The first decade of the new millennium has refuted Aristotle’s assertion that ‘man is a political animal’. In many respects, new technologies keep glorifying and enhancing the pursuit of selfish pleasures to the detriment of our social duties. At the same time, the escalation of violence in the Middle East points to a new definition of mankind as essentially ‘a religious animal’ whose allegiance to his or her faith overrides any other consideration towards our fellow human beings. In this struggle to recapture the fundamental values of Western Humanism, philosophy has certainly a central role to play. One particular figure seems to embody the intellectual courage needed to face the dual challenge of religious fanaticism and political cynicism.
Simone Weil was born in 1909, of French Jewish parents and died of tuberculosis in England, at the age of 34. Despite her short life, Weil embraced life through the prism of a remarkable sensitivity and a unique philosophical temperament. A young philosophy teacher, in the early 1930’s, she soon became aware of the material poverty and social alienation of the French working class.

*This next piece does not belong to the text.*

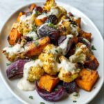 Gather all your chopped veggies — cauliflower florets, sweet potato pieces, red onion strips, and carrot chunks — and spread them evenly on a large sheet pan. This arrangement allows the heat to circulate around each piece, promoting even roasting and that irresistible slight crisp on the edges.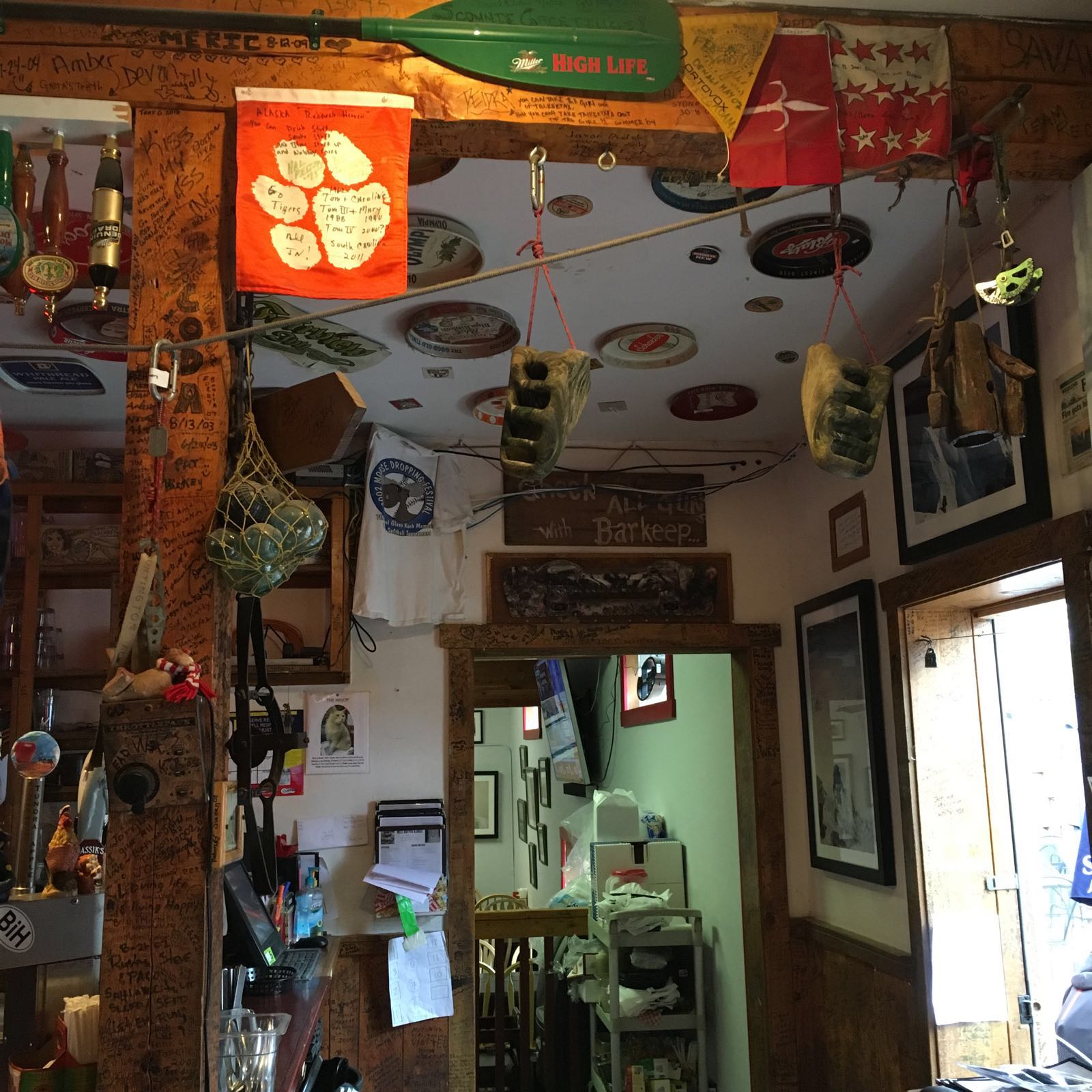 O ruído de motores no céu anuncia a chegada a Talkeetna. A chuva deu tréguas e há gente na rua junto ao aglomerado de casas de madeira num cruzamento de estradas e de três rios, com um aeródromo. Há também letreiros por toda a parte a anunciar quase tudo, mas há sobretudo lojas de souvenirs e bares. Além disso, uma mercearia que dá para outro bar com as paredes cobertas de frases escritas a marcador. Quem quiser escreve, se ainda houver espaço. Um grupo de rapazes e raparigas bebe cerveja local ao balcão. Junto ao tecto, um televisor está ligado num canal de notícias. Ted Cruz, um dos candidatos do Partido Republicano, acaba de anunciar que se retira da corrida. Donald Trump vai mais só à Convenção agendada para Julho. Ninguém se move para comentar. Não há uma reacção. As cervejas e a conversa continuam enquanto na rua quatro meninas passam num carro plástico colorido. Vão sozinhas na estrada de asfalto, com os pais vigilantes, ao fundo. É o centro daquela terra. Uma estalagem exibe a placa “Vende-se” e ao lado uma rapariga com o cabelo às cores levanta o auscultador da cabine de telefone público enquanto deita uma moeda. “Alguém é de Talkeetna?”, apetece perguntar. E seguem-se histórias de gente que se refugiou ali durante anos, sobretudo do preconceito. Homossexuais, ex-presidiários. “Hoje já não é assim”, diz o homem que serve cervejas. “São miúdos à procura de aventura, turistas que param e depois vão.”

Like Orwell, she spent a short time fighting on the anti-fascist side in Spain and like Orwell, she shared, if not the life of the homeless In London and Paris, the long hours of factory life and the fraternity of workers, physically exploited and deprived of a sense of purpose in their tedious everyday existence. Weil fully understood the social frustrations of her fellow workers but she also carefully refrained from joining a political party despite her ‘Marxist’ reading of an economic system turning its workers into ‘slaves’ and crushing their human aspirations. However her conception of social relations was dramatically transformed by her ‘mystical’ experience of 1935 when she felt the overwhelming presence of Christ in her soul. From then on, Weil called herself ‘a Christian, outside the Church’, combining a strong sense of social justice with a fervent spiritual, but non dogmatic, approach of human existence. Deeply opposed to any kind of political power or religious authority (which she refers to as ‘force’), the young woman made her way to London where she offered her services to the Free French organisation in the hope of seeing a better Europe emerge from the years of bloody struggle against Nazism.
Weil passionately believed in the rise of a more human and more cooperative society, liberated from the constraints of economic competition and allowing each individual time to blossom and cultivate his spirituality: a kind of Christian socialist community with no trace of ‘dictatorship of the proletariat’. Like Marx, she believed in the paramount importance of work as a source of self-affirmation but more importantly, as a source of communion with others … and Christ, as a way of participating in the divine Order. Critics of globalisation find in Weil a thinker who defines man as a physical, social and spiritual entity, deeply rooted in its local, cultural traditions. A ‘mystical philosopher’, she saw in the latter the very foundations of man’s happiness, the purpose of life being to accept the world as it is and to work towards its improved ‘humanisation’. It is not surprising that Albert Camus considered Simone Weil an outstanding thinker as they both shared the same desperate love of life and the same sympathy for a suffering humanity which they hoped to see, one day, reconciled with itself.